One of the weird things about my brain is that I never can just let things be. By things, I mean ideas. Part of it is because I’m heavily influenced by others (though I try not to be), but most of it is because my brain is constantly churning. In addition, I know that I don’t know everything, so there is always more for me to learn.
In this case, my learning is about–well, let’s get there the long way, per usual. My brain connects thins that most people wouldn’t think are connected. Or rather, everything is connected in my brain. It used to frustrate me when teachers wanted to talk about one thing, but not another. Such as feminism (in a feminism class), but not racism because ‘we don’t have time for that’. Which, on the one hand, I get. On the other hand, though, fuck that shit.

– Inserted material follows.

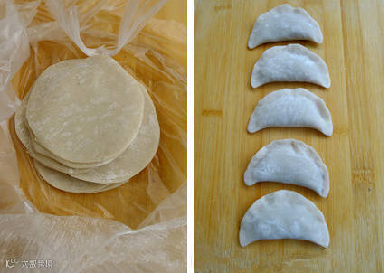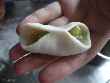 包入菜馅,捏成月牙饺

I realized in my early twenties that I contained multitudes. We all do, but I am talking about me specifically right now. I was Asian, bisexual, a woman (then), agnostic (then), and just Weird with a capital W. Now, I’m still Asian, bisexual but not liking that label, agender, areligious, and still fucking weird. I’m also aromantic and ethically nonmonogamous. I don’t want a long-term relationship, and I’m more interested in sex than dating at the moment.
I see all these things as connected. I was feeling interconnectivity before it was a thing. In yesterday’s post, I outlined a series I wanted to do called, In My Ideal World, in which I would take a topic and explain what I would would like to see related to that issue. I am verbose, which means I’d spend several posts on each topic. The thing that bogs me down, though, is that I don’t know how to talke about one without bringing up another.
Let me group it like this. Gender identity is linked to sexual identity loosley. Sexual identity is linked to monogamy/nonmonogamy and being aromantic. Gender is related to race. Religion is related to nothing in particular, but it’s something I could write ten-thousand words on. I have some deep wounds because of religion, and it’s taken me a long time to heal from it. I’m not completely there, but I am so much better now than I was when I first left Christianity (early twenties).
I want to find a hook that will bring them all together, but I’m not quite there. I don’t have a problem writing several disparate posts, but I would like to find a throughline.